How to complete this task — Nothing in the data should change when you return it, but leave the pictures out.
*** Information supplied ***
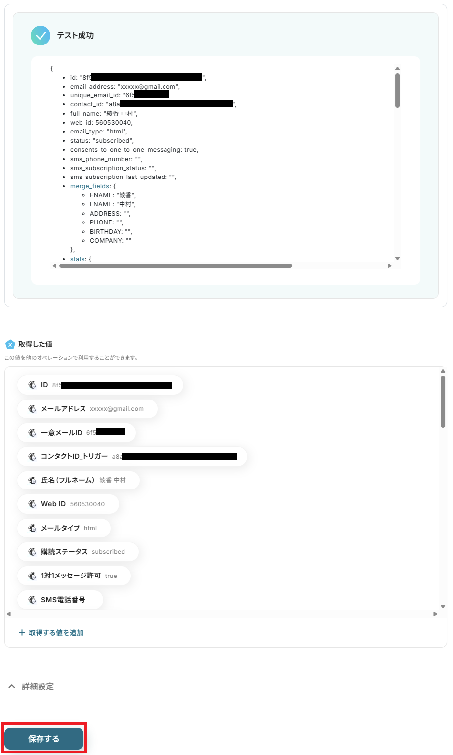 テストが成功すると、Mailchimpに追加した情報が取得されるので、確認したら保存してください。
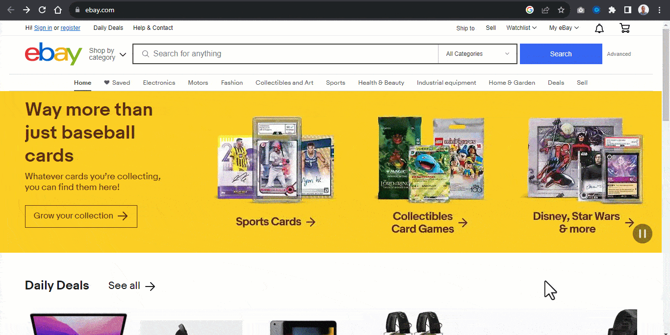 The banner carousel sits typically on top of the page and rotates continuously, one slide at a time. For example, a simple banner carousel from eBay sits on top of the site and displays different types of ads in a slideshow manner.
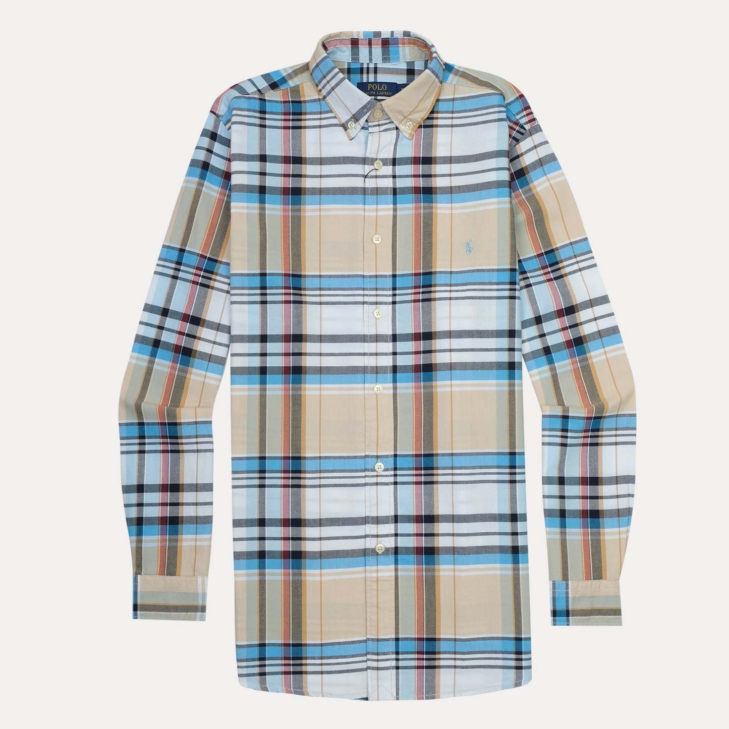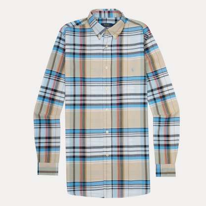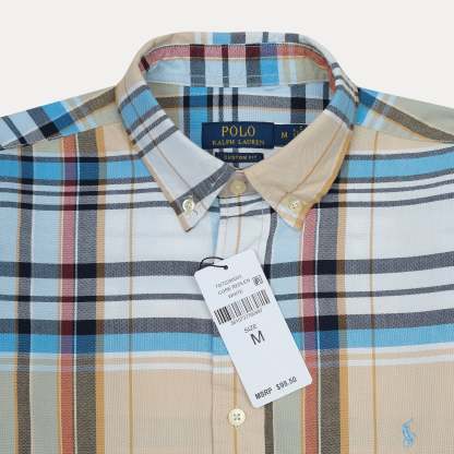 Polo Ralph Lauren Custom Fit Plaid Shirt in Soft Sand and Sky Blue
*** End of Information supplied ***
Exercise output —
 テストが成功すると、Mailchimpに追加した情報が取得されるので、確認したら保存してください。
 The banner carousel sits typically on top of the page and rotates continuously, one slide at a time. For example, a simple banner carousel from eBay sits on top of the site and displays different types of ads in a slideshow manner.
 Polo Ralph Lauren Custom Fit Plaid Shirt in Soft Sand and Sky Blue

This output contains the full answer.